===== PROVIDED MATERIAL

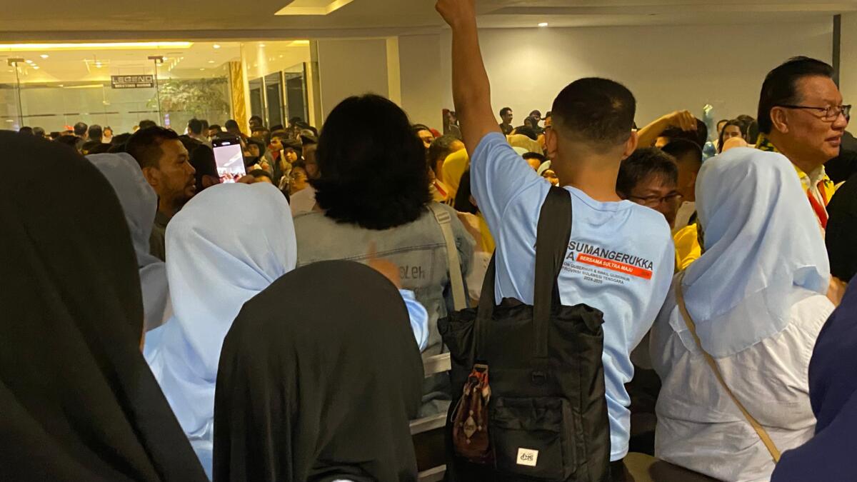 Para pendukung dan simpatisan tersebut memadati lobi hotel dengan seragam menggunakan baju biru bertuliskan “Andi Sumangerukka – Hugua bersama Sultra maju”.
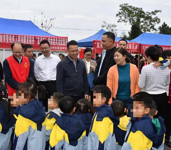 (圖為于杰查看殘疾兒童篩查現(xiàn)場(chǎng))
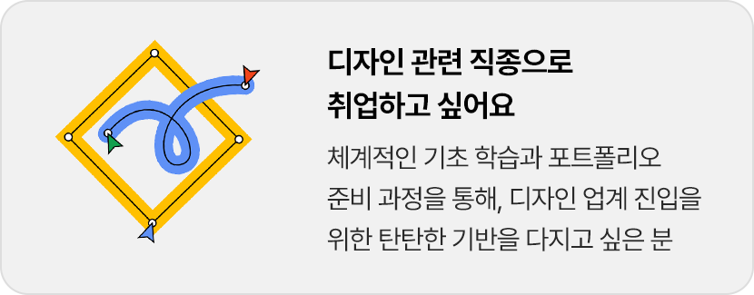 ⓘ 확인해 주세요 | Basic Class는 디자인 기초 이론 및 원리 수업으로 진행됩니다. (※ 디자인 툴 사용법 및 포트폴리오 제작은 포함되지 않습니다) 1) 포트폴리오 제작을 원하시는 분은 A Class 또는 B Class를 신청해 주시기 바랍니다.2) 정확한 학습 수준 진단과 맞춤형 수업 안내를 위해, 강의 신청 전 무료 상담을 먼저 받아보시길 권장드립니다. 개인별 학습 목표에 맞는 클래스를 안내해드리겠습니다. |
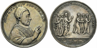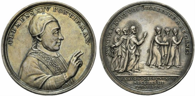 39. The last pope named Clement: XIV (1760 - 1774) Obverse: Clement XIV. Reverse: Jesus, Peter and Paul expelling the Jesuits which Clement did in their name
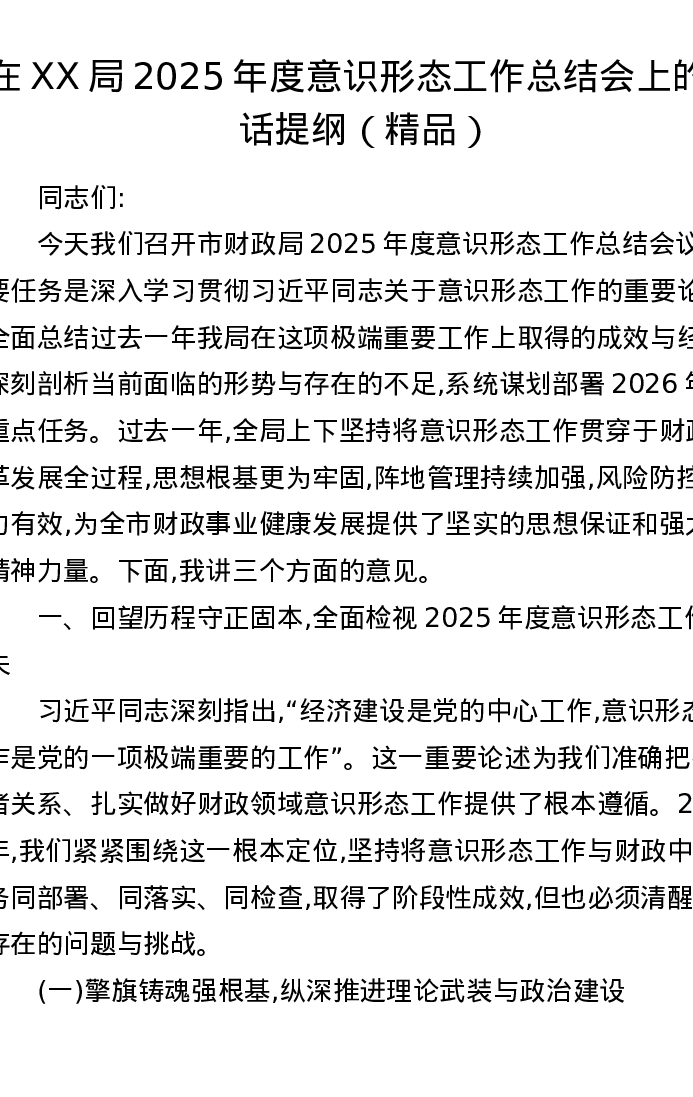在XX局2025年度意识形态工作总结会上的讲话提纲

==========

*WHAT YOU SHOULD DO:* Set down exactly the lines between the line containing "클래스를 안내해드리겠습니다. |" and the end of the records above, both ends included; pictures stay out.

*REPLY:*
 ⓘ 확인해 주세요 | Basic Class는 디자인 기초 이론 및 원리 수업으로 진행됩니다. (※ 디자인 툴 사용법 및 포트폴리오 제작은 포함되지 않습니다) 1) 포트폴리오 제작을 원하시는 분은 A Class 또는 B Class를 신청해 주시기 바랍니다.2) 정확한 학습 수준 진단과 맞춤형 수업 안내를 위해, 강의 신청 전 무료 상담을 먼저 받아보시길 권장드립니다. 개인별 학습 목표에 맞는 클래스를 안내해드리겠습니다. |
 39. The last pope named Clement: XIV (1760 - 1774) Obverse: Clement XIV. Reverse: Jesus, Peter and Paul expelling the Jesuits which Clement did in their name
在XX局2025年度意识形态工作总结会上的讲话提纲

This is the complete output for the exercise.